5	16 Sep 2019, 13:57:48	Morning Ride	Ride	2272	12.45	Rested after the weekend!
4	12 Sep 2019, 00:28:05	Afternoon Ride	Ride	1891	12.48	Tired by the end of the week
3	11 Sep 2019, 14:06:19	Morning Ride	Ride	2192	12.84	Stopped for photo of sunrise
2	11 Sep 2019, 00:23:50	Afternoon Ride	Ride	1863	12.52	Wet road but nice weather
1	10 Sep 2019, 13:52:18	Morning Ride	Ride	2531	13.03	rain
0	10 Sep 2019, 00:13:04	Afternoon Ride	Ride	2084	12.62	Rain

4. 왜 ndarray와 Series, DataFrame을 사용하나요?

이 시점에서 여러분은 왜 이렇게 다양한 데이터 구조가 필요한지 궁금해하실 것입니다. 음, 그것들은 모두 서로 다른 목적으로 사용되며 서로 다른 작업에 적합합니다. 예를 들면: - NumPy는 일반적으로 Pandas보다 빠르며 메모리를 덜 사용합니다. - 모든 Python 패키지가 NumPy 및 Pandas와 호환되는 것은 아닙니다. - 데이터에 레이블을 추가하는 함수이 유용할 수 있습니다(예: 시계열의 경우). - NumPy와 Pandas에는 서로 다른 내장 함수이 있습니다.

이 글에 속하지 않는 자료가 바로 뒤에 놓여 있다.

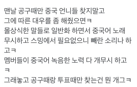 일부팬들 일반화 시키기 오지구여ㅋㅋㅋㅋㅋㅋㅋㅋㅋ중국어도 스밍돌리는 팬들도 몇명있을텐데 왜 다안하는것처럼 말하냐 씹씽이마누라야^0^
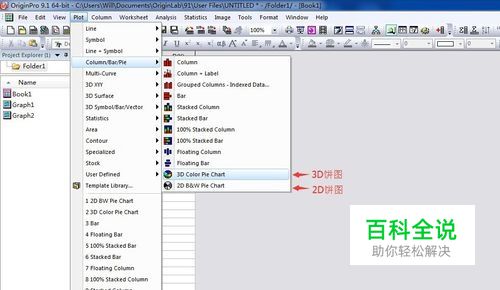 Origin将饼图也归纳于柱状/条状/饼图里,饼图对工作表数据的要求是,只能选择一列Y值。该图形特点为表示出各项所占的百分比。Origin图中可以做3D彩色饼(3D Color Pie Chart)图和二维平面饼(2D B&W Pie Chart)图,下面就进行详细介绍。
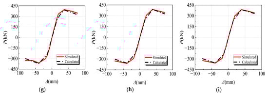 Comparisons between the simulated and calculated skeleton curves of the PSRCS specimens: (a) PSRCF-1; (b) PSRCF-3; (c) PSRCF-4; (d) PSRCF-5; (e) PSRCF-8; (f) PSRCF-9; (g) PSRCF-11; (h) PSRCF-14; (i) PSRCF-15.
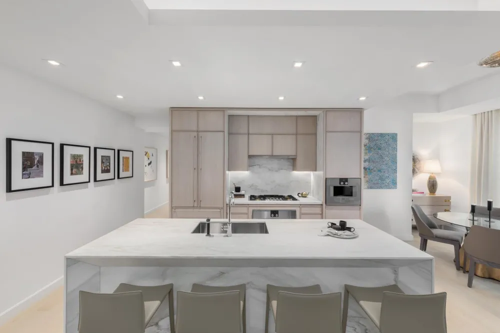 This one bedroom, one and a half bathroom residence designed by Champaulimaud offers northern exposures through floor-to-ceiling windows. White oak flooring throughout leads from the entry into an open living and dining concept, complete with a chef's kitchen offering honed Capri marble countertops, backsplash, and a waterfall island with room for seating. The kitchen has a refined aesthetic with streamlined custom white oak millwork that seamlessly integrates a full Gaggenau appliance package, including an undercounter wine refrigerator, complemented by Dornbracht fixtures.
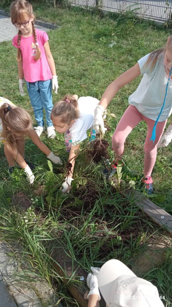 Z niektórych cebulek wyrosną barwne kwiaty wiosenne, a inne już teraz pokazują swoje jesienne kolory, które można podziwiać na przedszkolnych rabatkach.
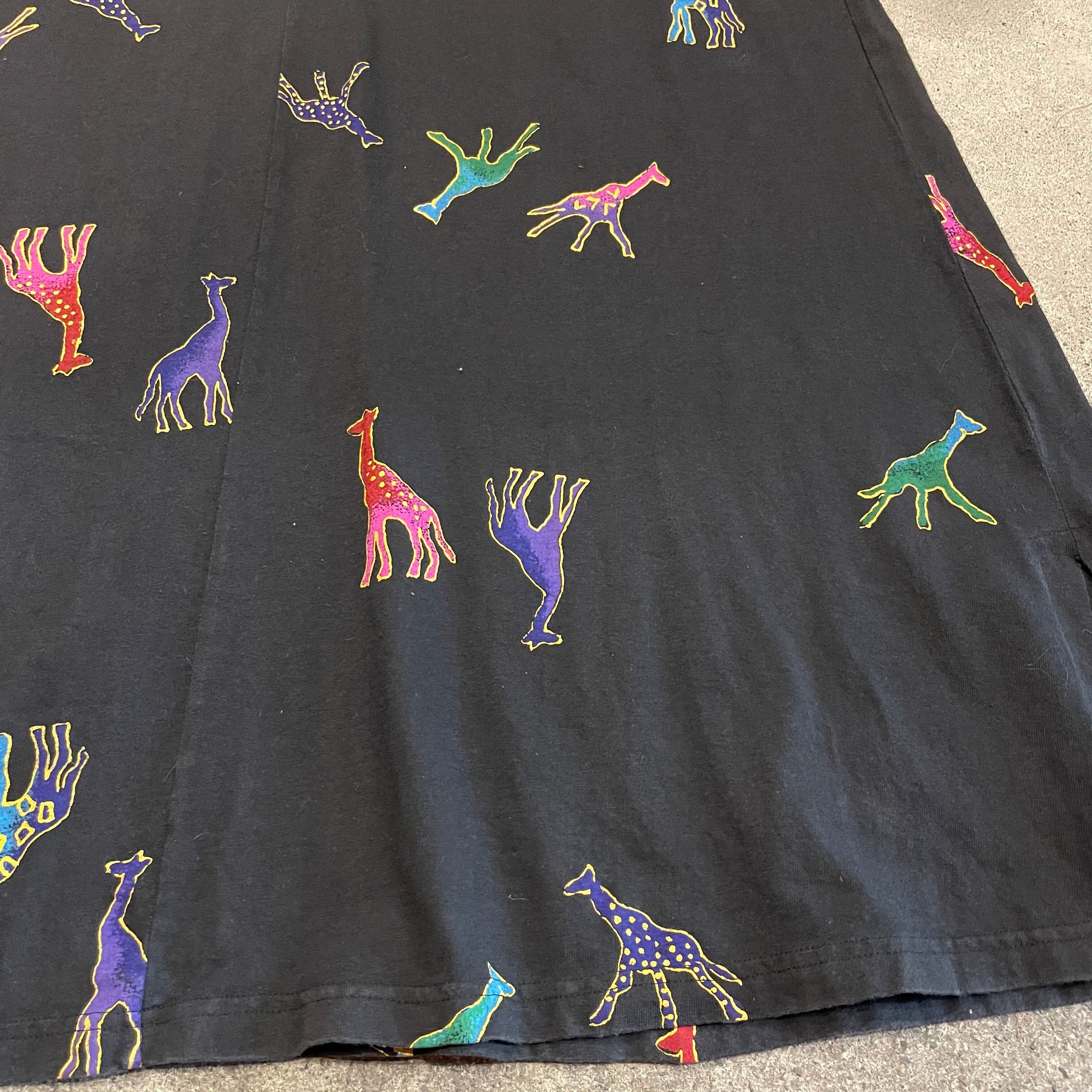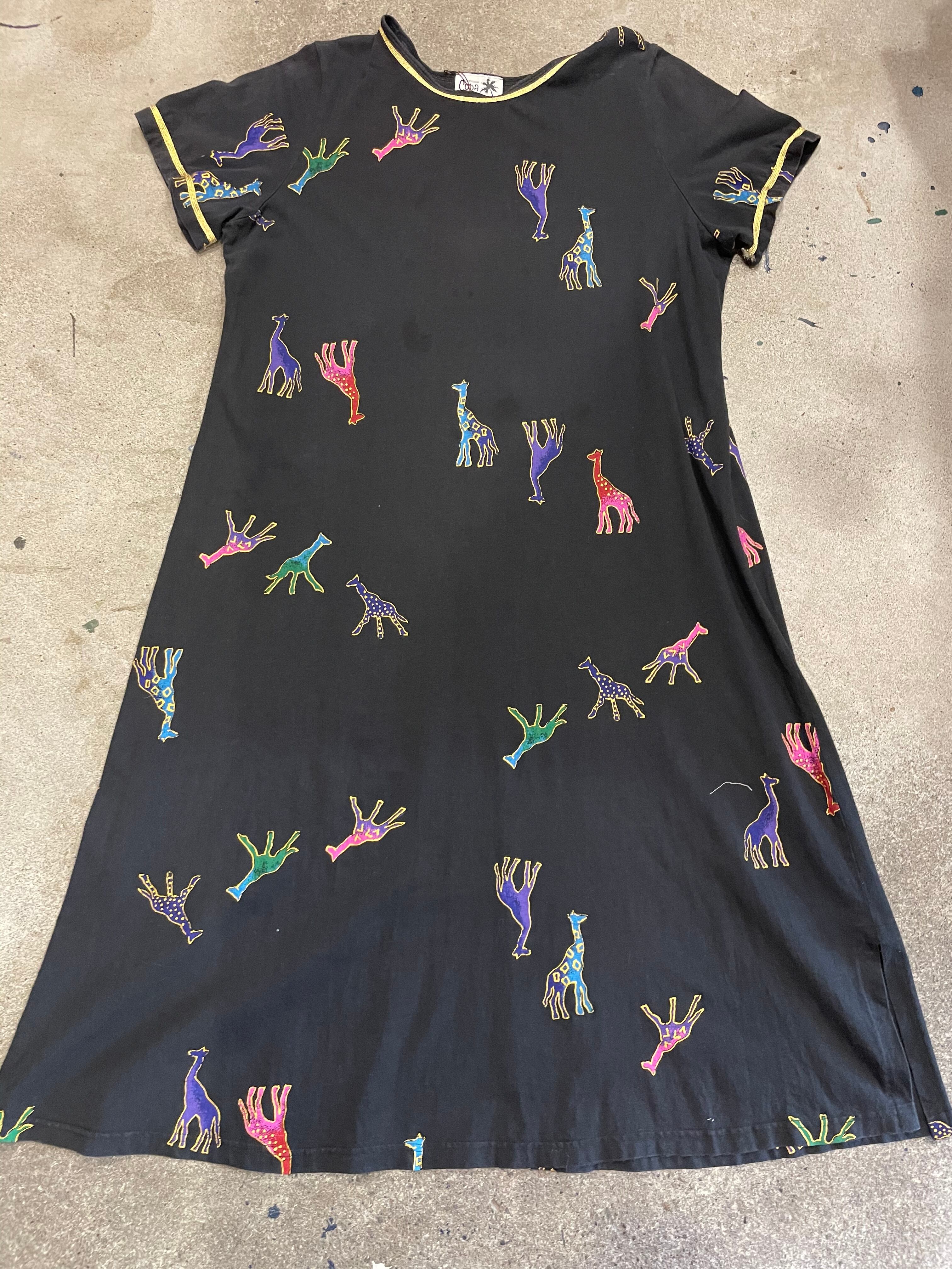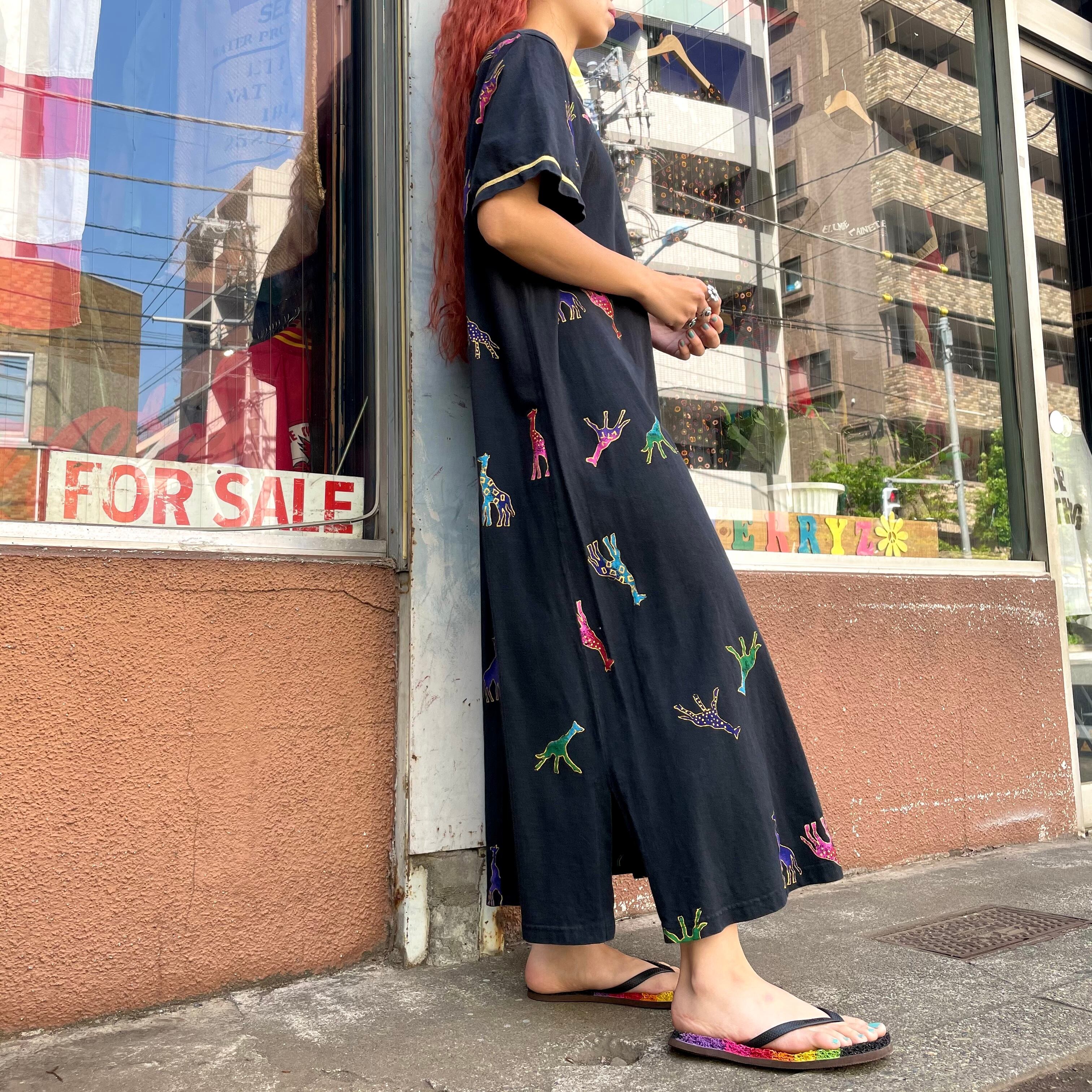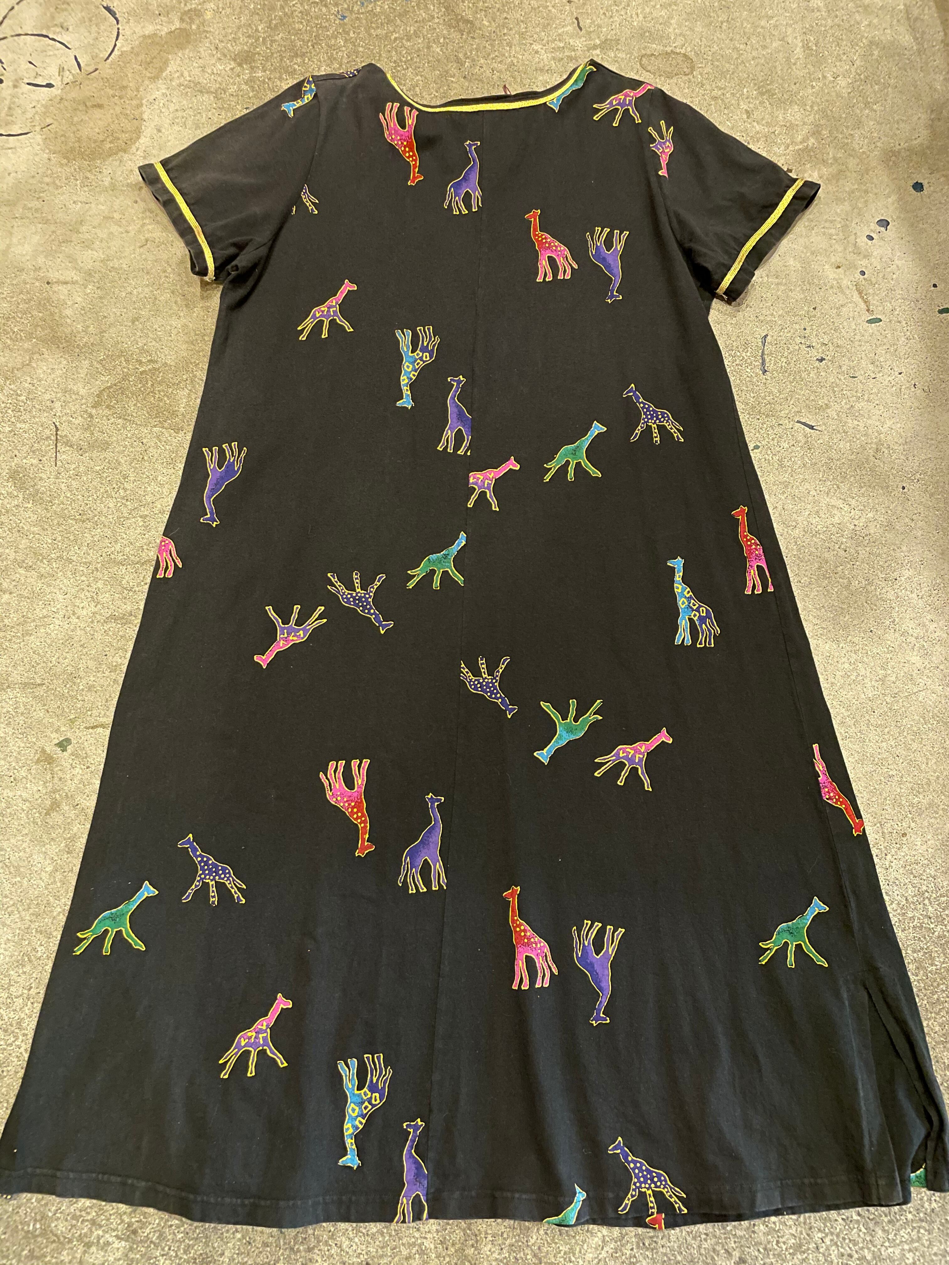 襟ぐりや袖口にはラメのテープが付いていたり、ゴールドで縁取りされたキリンたちが不思議な雰囲気で良いですね!

내 조언: 귀하의 요구를 충족하는 가장 간단한 데이터 구조를 사용하십시오!

마지막으로 ndarray(np.array()) -> 시리즈(pd.series()) -> 데이터 프레임(pd.DataFrame())에서 이동하는 방법을 살펴보았습니다. 다른 방법으로도 갈 수 있다는 것을 기억하세요: df.to_numpy()를 사용하여 데이터 프레임/시리즈 -> ndarray.